GrubHub is bringing restaurant ordering into the 21st century – GrubHub is giving restaurants converted Kindle Fires to confirm orders. This is making it easier for restaurants while at the same time reducing customer service costs. It’s the kind of smart thinking I like to see in local.

Why Yelp is the Digg of local – Yelp has essentially failed to innovate in the last three years. It’s using an old publishing model that doesn’t make sense. But for consumers, it’s delivering one-size-fits-all results that really fit no one.

Top sales talent leaving Groupon as its woes mount – Many Groupon deals these days are seeing really low volumes. This breaks the overall Groupon model, which was predicated on selling thousands of units to cover the extremely high cost of sales. As volumes drop, salespeople can’t earn enough money on commissions and the best ones are leaving for greener pastures.

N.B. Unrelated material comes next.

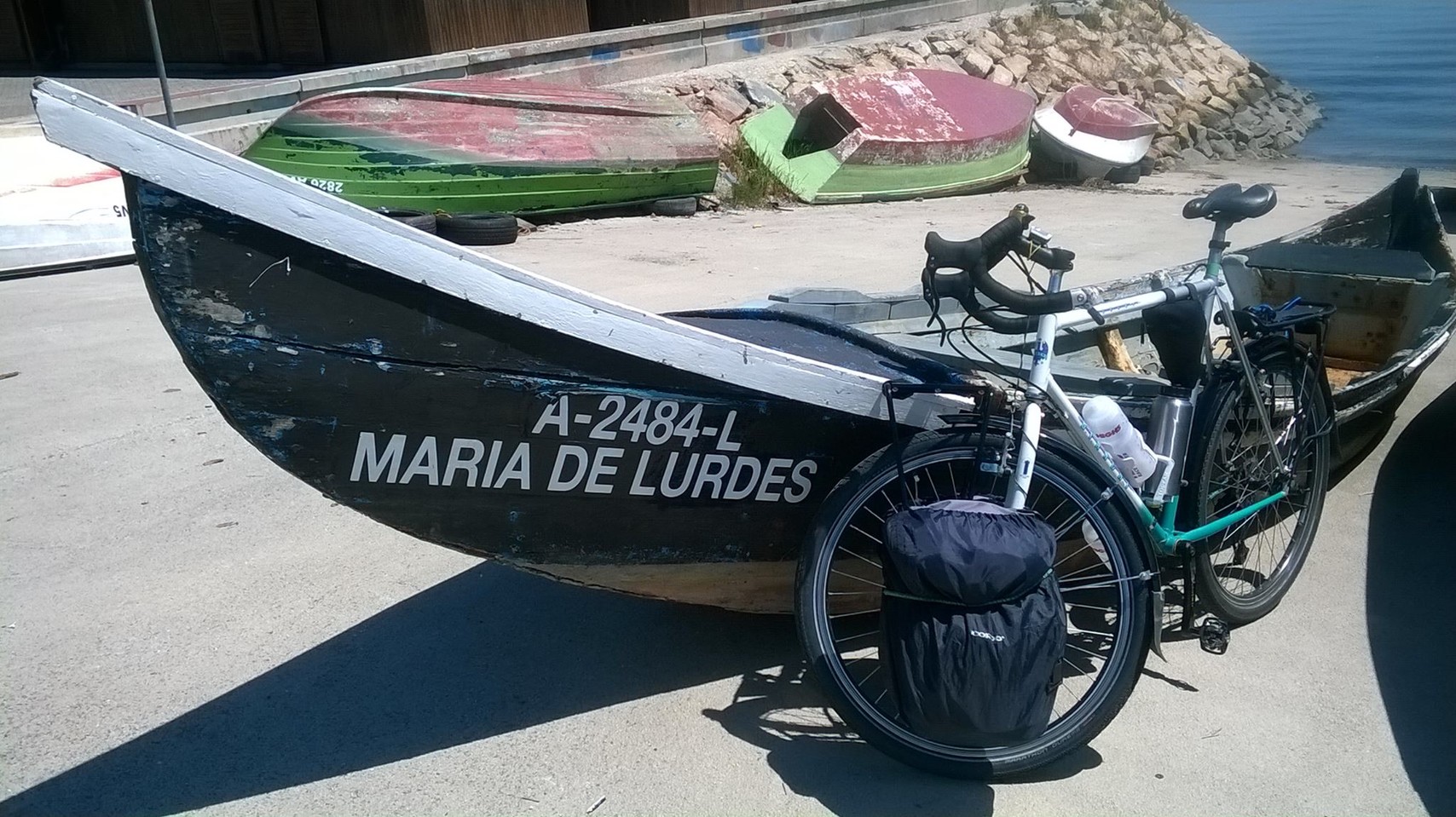 And here's is my dear Touring bike, in Aveiro, Portugal two years ago. Two months on the road with her, loaded with a lot more gear (all in the tent back at the campsite at the time this photo was taken).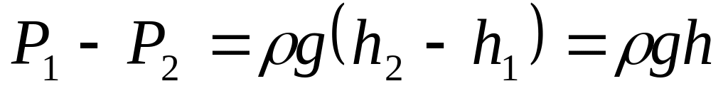 Если сосуды заполнены одной жидкостью, плотностью ρ, но давления над уровнем жидкости в них неодинаковы и равны Р1 и Р2:

Silicon Valley needs to end its snobbery about computer science degrees – In the wake of Yahoo CEO Scott Thompson’s resume scandal, I take a look at Silicon Valley’s snobbery around computer science degrees. I want to be clear that I’m in no way defending Thompson. He lied and there should be serious repercussions, both from Yahoo! and the SEC. (Otherwise, what’s the point of having CEOs certify statements to the SEC?) But I think that Silicon Valley ends up getting tunnel vision because of the focus on C.S. degrees for roles that don’t need them.

Me quoted elsewhere

When Yelp advertisers yelp at rates – CBS MoneyWatch takes a look at Yelp advertising. I continue to believe that Yelp local advertising is a terrible deal and no advertiser should ever run ads at the rates Yelp charges. (I’m rarely this absolute — even with Groupon, I can think of cases where running a Groupon makes sense. I can’t think of a case where I’d recommend Yelp to a business.) I found more examples this week that I’ll write about soon.